God has a problem with demonic spies. Not a problem really, but they keep trying to listen in on his private conversations and he has to keep torturing them and shooting them with heavenly arrows.
And we’re back to Mohammed’s favorite revenge fantasy where all of the people who didn’t believe him get thrown into hell.
But, if you’re a good Muslim, you get fruit. Yes, God gives you an edible arrangement. And a white drink. And there will be hot women hanging around.
And you get to look on your unbelieving friends in hell and taunt them.
A tree grows in hell with fruit shaped like demon heads.
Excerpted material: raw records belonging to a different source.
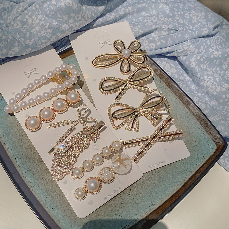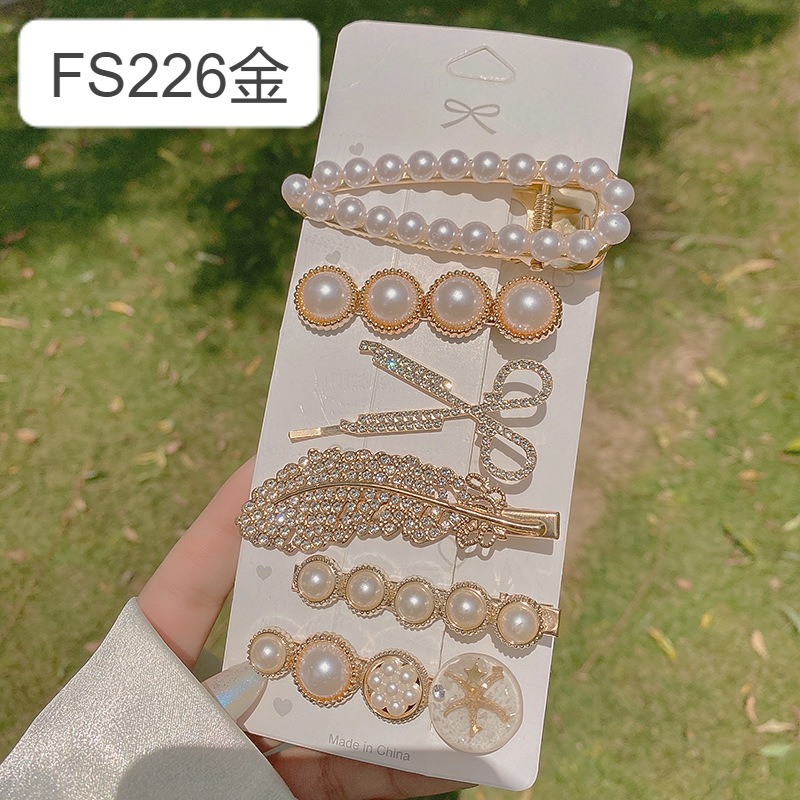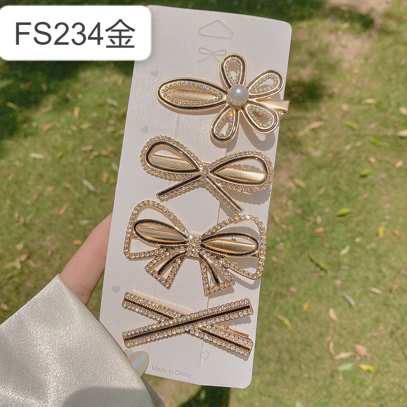 抖音羽毛个性发夹水钻剪刀夹韩国少女风复古蝴蝶结刘海夹仙女发饰 FS226金 FS234金
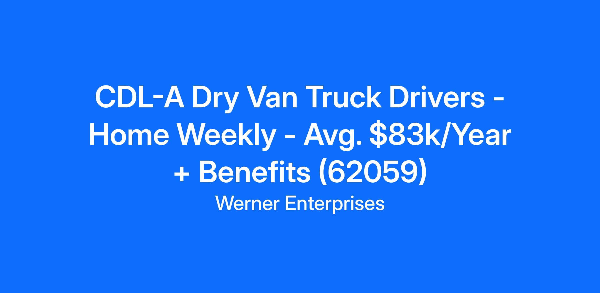 CDL-A Dry Van Truck Drivers - Home Weekly - Avg. $83k/Year + Benefits (62059)
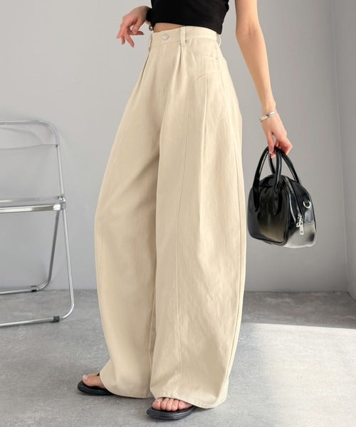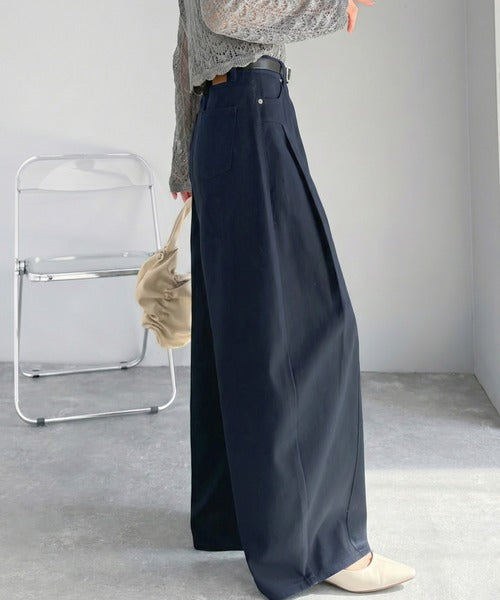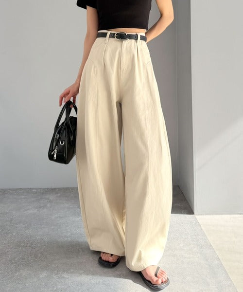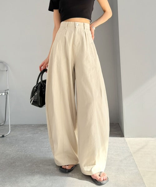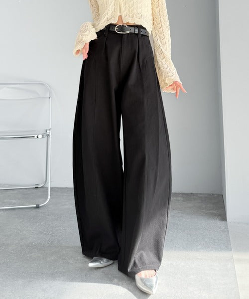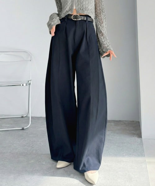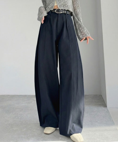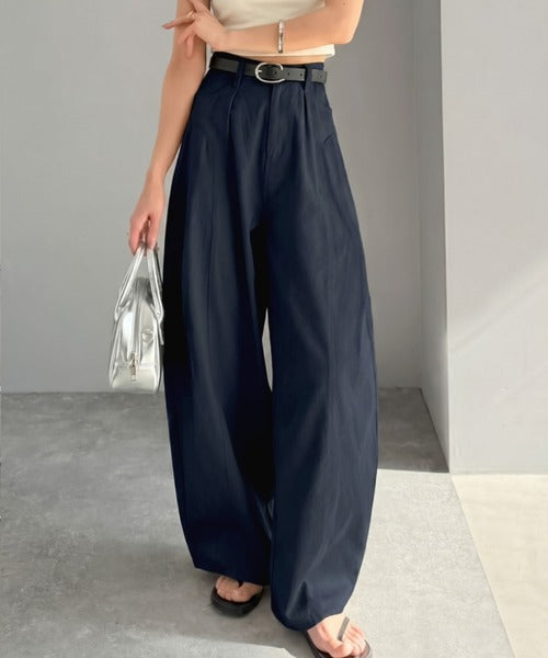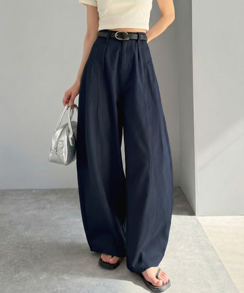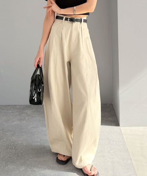 立体感のあるシルエットに仕上げた着回しの効くタックパンツ◎

You get to eat the demon head fruit and drink a boiling liquid and then you have to go back into the fire.
And God’s like, “Hey, it’s not my fault you ended up there. I sent a guy who sounded crazy to warn you.”
“Also, we were super nice to Noah because we didn’t drown him.”
“Why couldn’t you not drown everyone else?”
“Because I have to drown someone. Also, I saved Abraham. And gave him Isaac. And Abraham had to sacrifice Isaac and Isaac was totally cool with it. But then I saved Isaac.”
“You know, you didn’t have to have Abraham sacrifice Isaac. I mean, you’re God. You knew what Abraham would do beforehand, right?”
“I don’t see your point.”
“And then I sent Moses and Aaron and they delivered the people from the terrible disaster.”
“The ‘disaster’ was the slavery that you sent them into!”
“And Elijah and Lot. We saved righteous Lot.”
“HE offered up his daughters to a rape mob and then fathered children with them!”
God doesn’t prefer girls to boys. God prefers boys to girls.
Also, God doesn’t hang out with genies.